To get a complete view of the functional protein, even if some parts are more hypothetical, we also modeled the transmembrane segment and the N-linked complex sugars. They were constructed by combining sequence data to molecular knowledge on other proteins. In general, transmembrane helices show well characterized properties, especially in single-pass proteins (White, 2009). The predicted transmembrane segment of UGT1A1 was built as a standard α-helix from Val491 to Lys516, as predicted. This is longer than the 17 hydrophobic residues, Val491 to Phe507, that are often taken as the membrane-intercalated segment of the UGTs. Without additional data on intramolecular interactions, the orientation of the helix with respect to the globular part was left undetermined.

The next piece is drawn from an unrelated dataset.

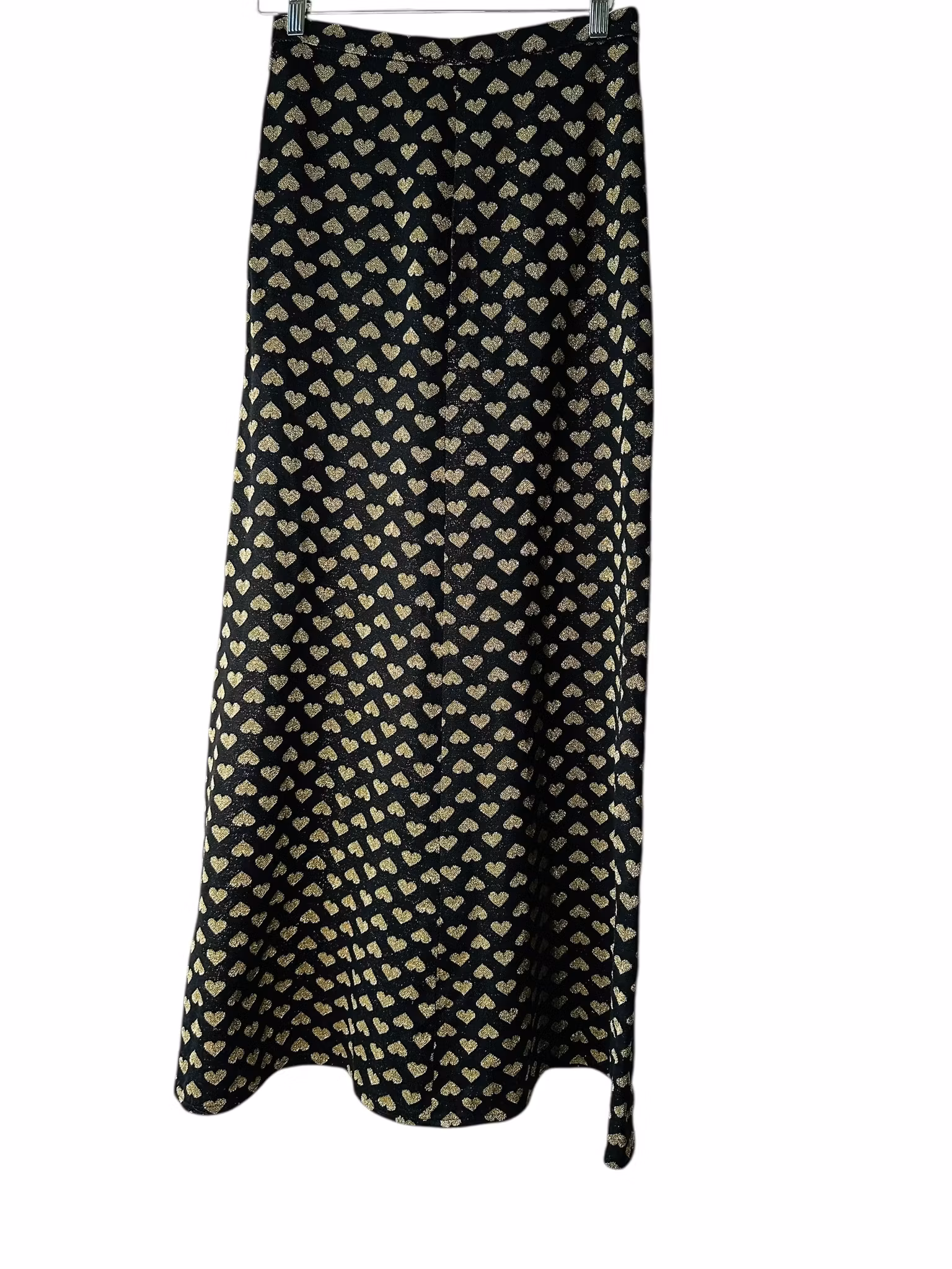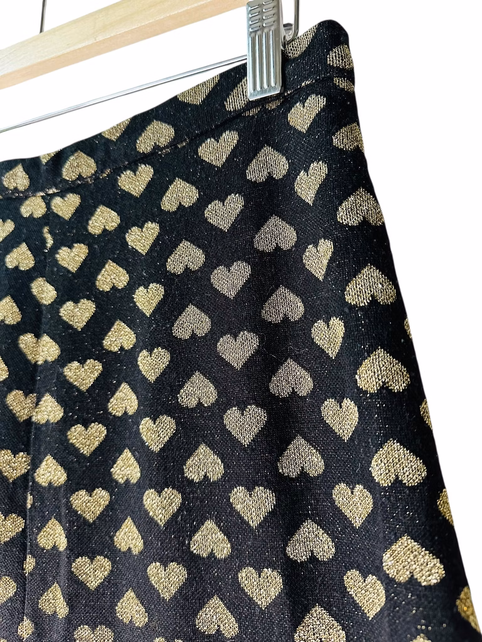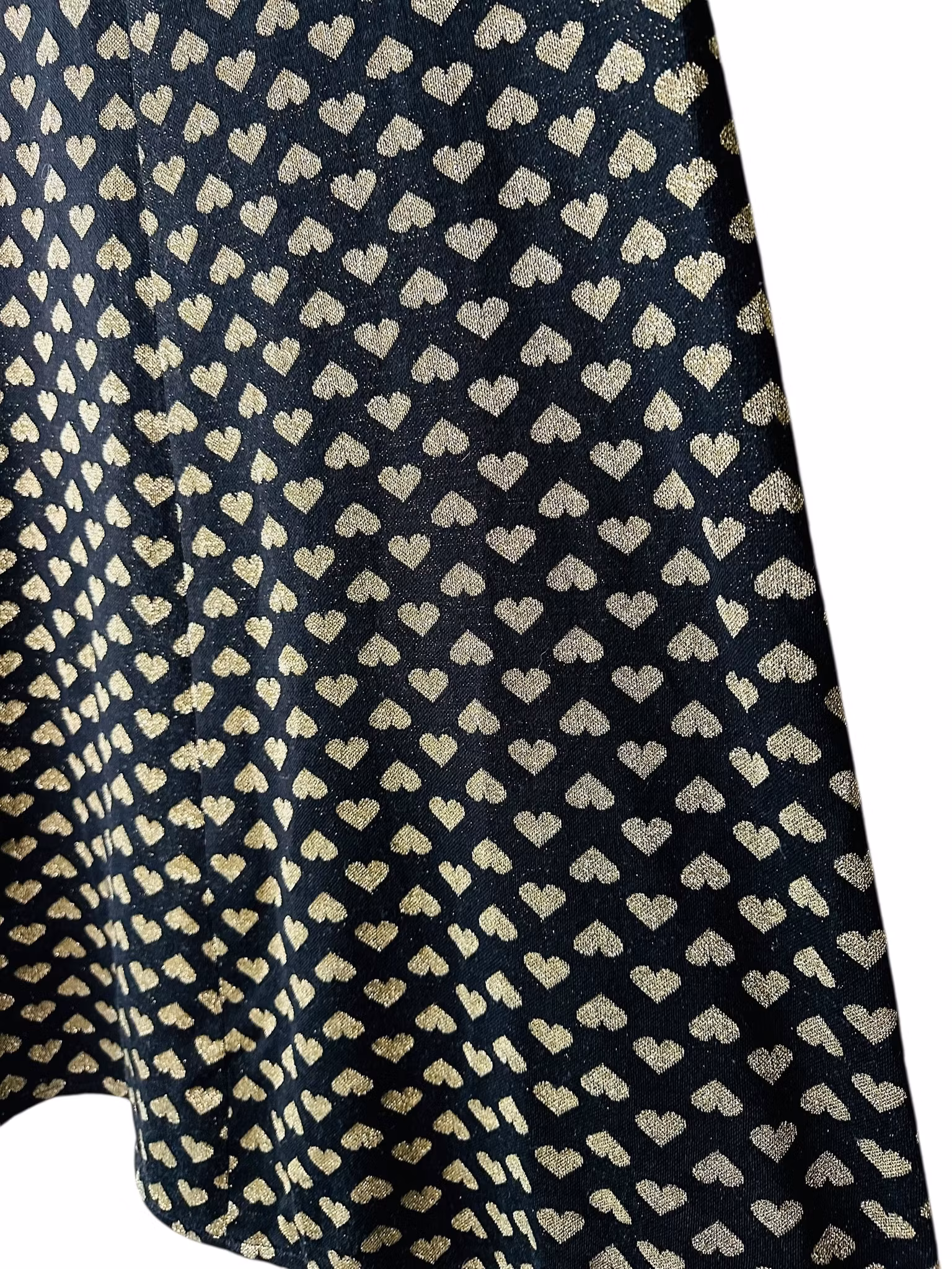 Beskrivning: Vintage kjol från 70-talet. Lång och lätt utställd. Svart med vävda hjärtan i guldfärg. Material saknas men uppskattas vara polyester och lurex. Stängs med dragkedja och knapp.

The orientation of UGT1A1 relative to the membrane was addressed from another, unrelated point of view: the N-linked glycosylation sites. The very hydrophilic and mobile branched sugar groups cannot exist but in an aqueous environment. The high sequence similarity among the human UGTs strongly suggests that they all fold very similarly and, therefore, are oriented to the membrane in the same way. Accordingly, we have analyzed the glycosylation sites in all human UGTs and located these sites on the structural model of UGT1A1. The likelihood of the NXS/T sequence motifs to be glycosylated was predicted by NetNGlyc (http://www.cbs.dtu.dk/services/NetNGlyc), and the results are shown in Fig. 3. Only one glycosylation site was predicted for UGT1A1, Asn295 in Cα0, that is shared by all UGT1A enzymes. In the model, Asn295 points out of the protein and could easily accommodate a large and mobile sugar unit. The UGT2 enzymes lack the glycosylation site at Cα0, but there is an alternative site eight residues later, corresponding to Glu303 in UGT1A1. It lies before the start of Cα1, close to the domain interface.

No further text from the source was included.